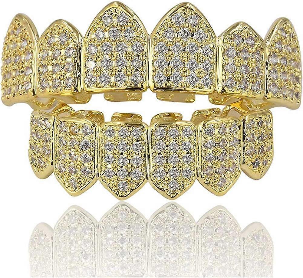 18 Karat Gilded Simulated Diamond Top Bottom Teeth Grill Set For Men Women
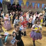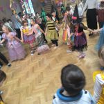 Podczas balu było wiele wesołych zabaw, tańców i konkursów, w których dzieci chętnie i z dużym zaangażowaniem brały udział. W przerwie na uczestników czekał słodki poczęstunek, który dodał energii do dalszej zabawy.
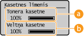Parādītais tonera vai veltņa kasetnē atlikušā tonera daudzums ir orientējošs un var atšķirties no patiesā daudzuma.
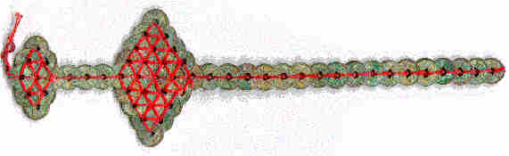 Käsch-Schwert -- gebunden aus 108 Käsch-Münzen, Länge ca. 55cm. Ursprünglich wurden diese Schwerter zur Abwehr böser Geister oder als Glückssymbol hergestellt. Inzwischen auch für Touristen/Europäer angefertigt, stellen sie eine interessante Bereicherung jeder Münzsammlung dar. Die Münzen sind Originale (ca. 1300 Jahre alt, gebunden wurden sie aber während der letzten Jahre).
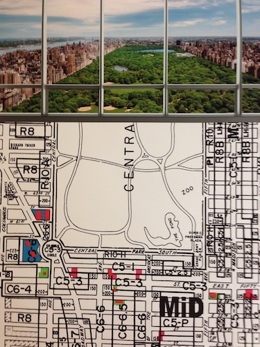A photo of the future view from an apartment in One57, with the Midtown zoning map. Source: Skyscraper Museum
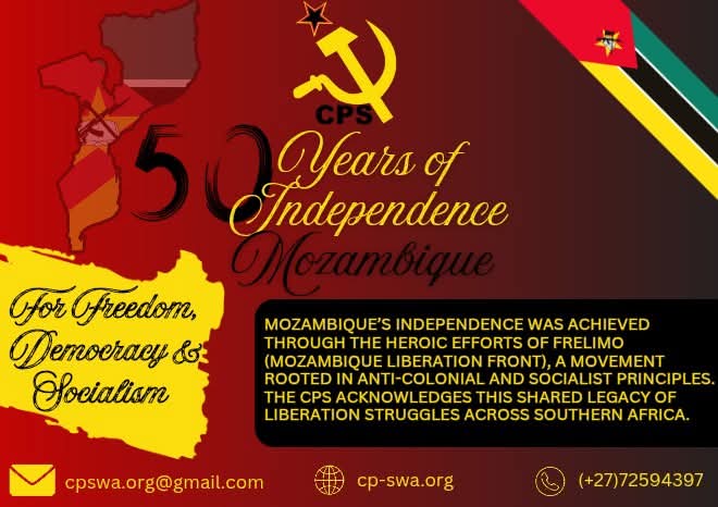The Communist Party of Swaziland (CPS) extends its heartfelt congratulations to the people and government of Mozambique on the momentous occasion of their 50th anniversary of independence (celebrated on June 25, 2025). This milestone marks five decades of sovereignty, resilience, and progressive struggle since Mozambique’s liberation from Portuguese colonial rule in 1975.
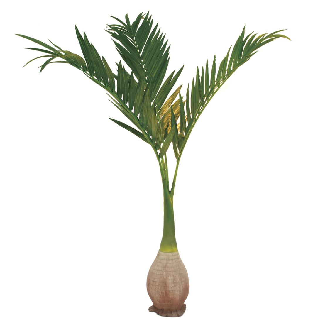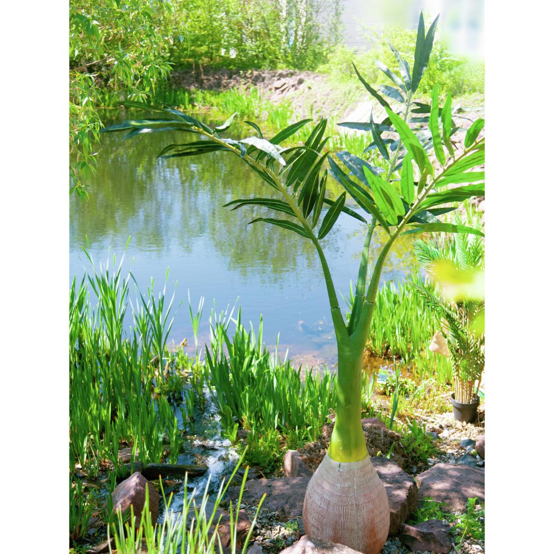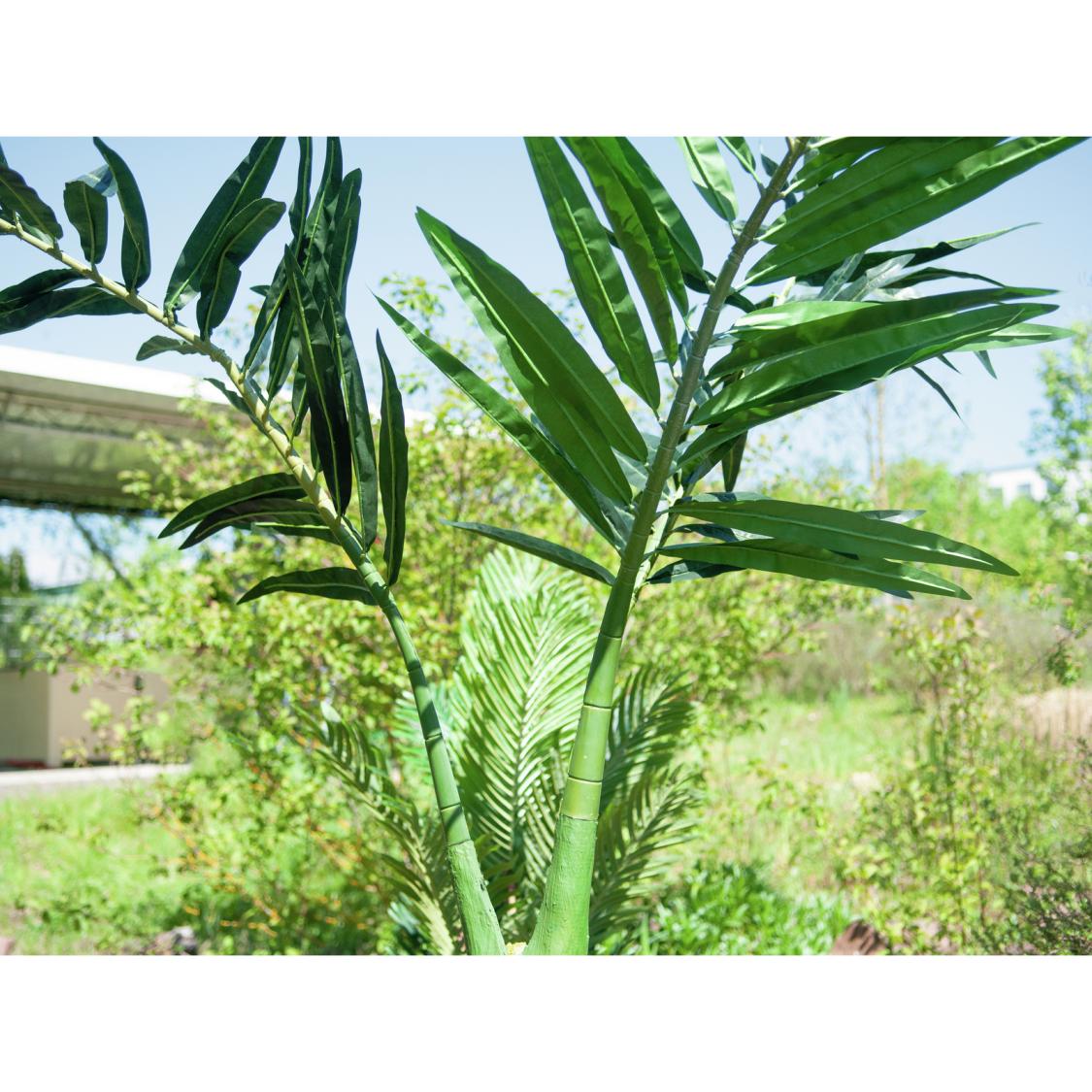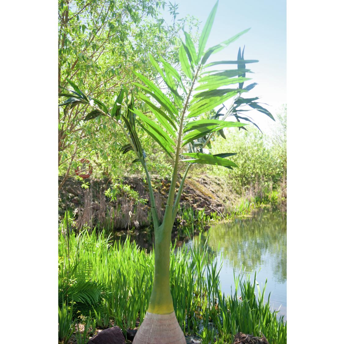 The fronds have a stable shaft made of metal and are simply plugged in. From the bottom to the top of the leaf, the plant has a total height of approx. 240 cm. If a flame retardant treatment according to DIN 4102/B1 is required, the textile leaves of the fronds can be treated with an appropriate fire protection spray.
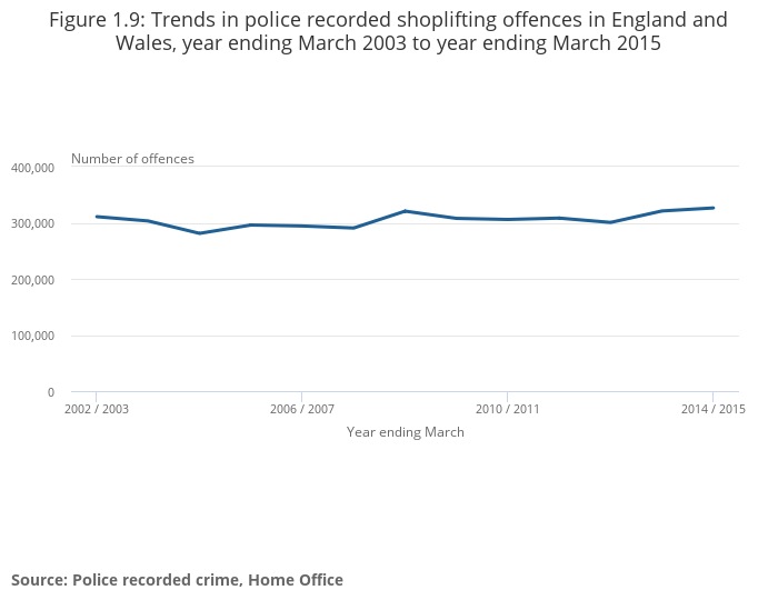 shoplifting6 accounted for 11% of property crime in 2014/15 compared to 6% in 2002/03, although the number of shoplifting offences recorded by the police remained roughly the same (326,440 in 2014/15 compared with 310,881 in 2002/03)
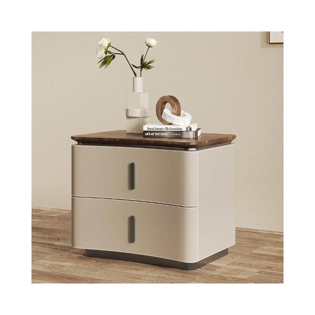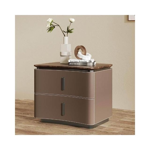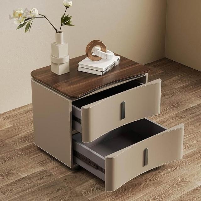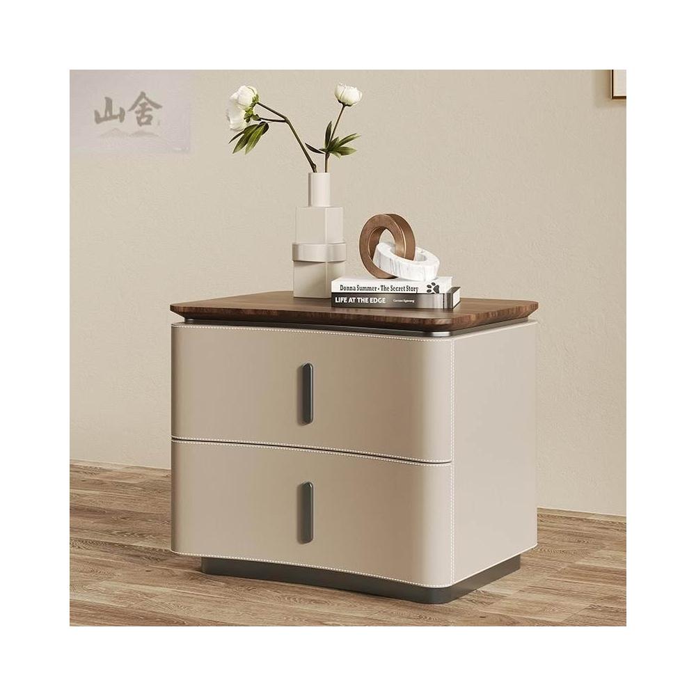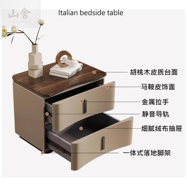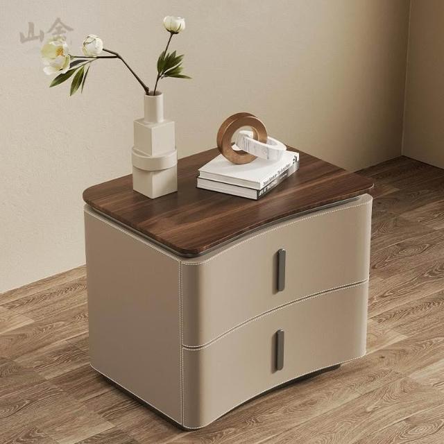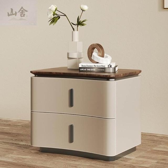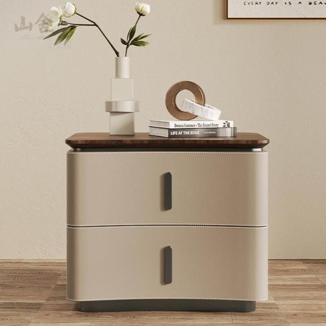 床頭櫃 床邊櫃 收納櫃 抽屜櫃 现代极简轻奢风床头柜 实木马鞍皮床頭櫃 设计师款意式高端卧室收纳柜
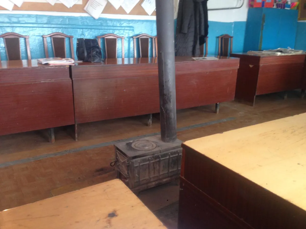 Центрального отопления в школе нет, поэтому приходится использовать печи. «В каждом помещении печками-буржуйками топлю, я трубы вывел так, чтобы безопасно было. Это все своими силами — кто же еще будет делать», — рассказывает Алил. Но, несмотря на его усилия, все проблемы решить не получается. «Двери [в школе] должны открываться наружу. А у нас они открываются внутрь, и исправить это невозможно. Из-за этого штрафы — то от санэпидемстанции, то от пожарных. Штрафы накладывают на директора. Получается, виновный я. Приходится платить».
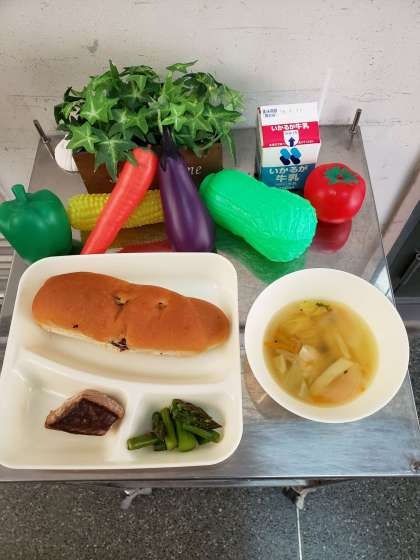 かつおのガーリック焼き、鶏肉とじゃがいものスープ、グリーンアスパラガスのサラダ
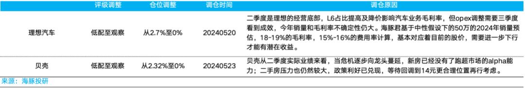 海豚君这段时间基于市场和基本面变化会集中持续调仓,上周主要调出了理想,主要是因注意到经营周期性向下,但调出后,公司经过这段时间的下跌,已经逐步进入海豚君的关注区,海豚君会关注它可能的反转机会:
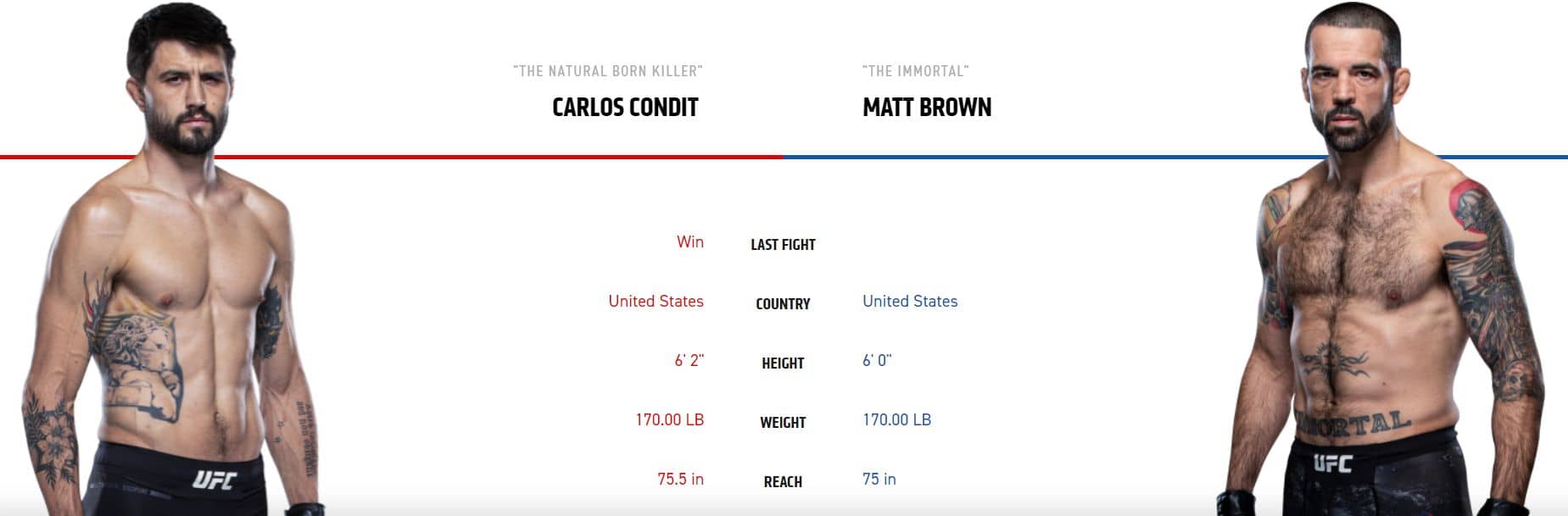Hlavní předzápas nám nabídne souboj dvou legend. Carlos Condit vs Matt Brown by byl ještě tak před pěti lety neskutečným tahákem, ale čas nezastavíš a oba bojovníci už jsou za svým zenitem. Nicméně zatímco Brown už intenzivně mluvil o konci kariéry v roce 2018, tak z Condita je po poslední výhře zase cítit ten oheň jako za mlada. Oba dva mají přes 90% výher na ukončení což je něco neskutečného a jsem si docela jistý, že ani tento zápas nedojde na body. Čtyřicetiletý veterán Brown už je dost neaktivní a z šesti posledních zápasů hned 4× prohrál a vždy to bylo před limitem (3 KO a 1 submise). Brown už není schopen inkasovat a at’ už údery na hlavu nebo na trup ho můžou vyřadit velmi snadno. Condit sice už taky není tam kde býval, ale pořád je velmi nebezpečný a schopný rozdávat tvrdé údery. Měl krizi kde prohrál pět zápasů v řadě, byt’ proti světové špičce se kterou už Brown nějaký ten rok nezápasil, ale zase se dokázal vrátit na vítěznou vlnu a jeho poslední představení bylo velmi působivé. Condit je taky na rozdíl od Browna celou svoji kariéru neskutečně odolný, a když nepočítám jedno smolné zranění, tak prohrával jen na submise, které mu od Browna moc hrozit nebudou. V zápase sázím, že nebude ukončen na body v kurzu 1,76. Odvážní sázkaři mohou zkusit Condita na KO v kurzu 3,20 kde taky vidím hodnotu, ale Brown už 10× prohrál na submisi a sám Condit má už úctyhodných 13 submisí, tak pozor!
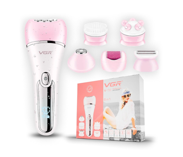 Епілятор VGR 6 в 1 V-733 PINK, 12 насадок, IPX7, LED display, Box
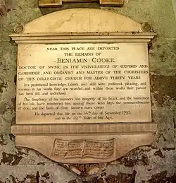 - ^ Benjamin and Robert Cooke Westminster Abbey. Retrieved 21 May 2017.
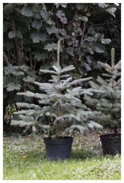 Świerk kłujący srebrny (Picea pungens Engelm.) – drzewo o stożkowym pokroju, osiągające po 30 latach 10-15m wys. Igły sztywne, niebieskozielone do srebrzystych, kłujące. Bardzo małe wymagania co do gleby. Polecany do nasadzeń pojedynczych i kompozycji ogrodowych oraz szpalerów, także jako drzewo choinkowe.
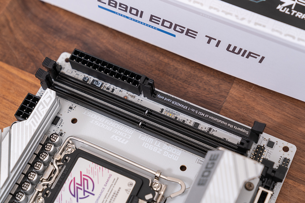 微星MPG Z890I EDGE TI WIFI提供一条PCI-E 5.0 插槽,插槽金属加固处理,采用先进的SMT 焊接工艺(Surface Mount Technology),降低杂讯干扰和电噪声、充分支援更高频宽和传输速度的PCI-E 5.0 讯号。最高 128GB/s的传输带宽。
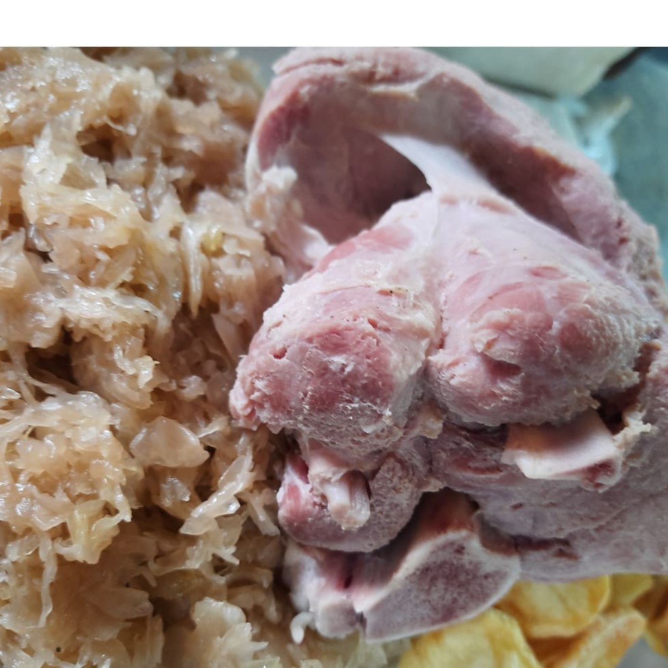 Joelho de porco cozido, guarnecido com chucrute e batata cozida. Serve 2 pessoas

________________________________________

WHAT THE TASK ASKS>
Exact repeat of the material above: every line from the one with "Parādītais tonera vai" through the one with "The Communist Party", endpoints included, and nothing more. No pictures.

WRITTEN ANSWER>
Parādītais tonera vai veltņa kasetnē atlikušā tonera daudzums ir orientējošs un var atšķirties no patiesā daudzuma.
 Käsch-Schwert -- gebunden aus 108 Käsch-Münzen, Länge ca. 55cm. Ursprünglich wurden diese Schwerter zur Abwehr böser Geister oder als Glückssymbol hergestellt. Inzwischen auch für Touristen/Europäer angefertigt, stellen sie eine interessante Bereicherung jeder Münzsammlung dar. Die Münzen sind Originale (ca. 1300 Jahre alt, gebunden wurden sie aber während der letzten Jahre).
A photo of the future view from an apartment in One57, with the Midtown zoning map. Source: Skyscraper Museum
The Communist Party of Swaziland (CPS) extends its heartfelt congratulations to the people and government of Mozambique on the momentous occasion of their 50th anniversary of independence (celebrated on June 25, 2025). This milestone marks five decades of sovereignty, resilience, and progressive struggle since Mozambique’s liberation from Portuguese colonial rule in 1975.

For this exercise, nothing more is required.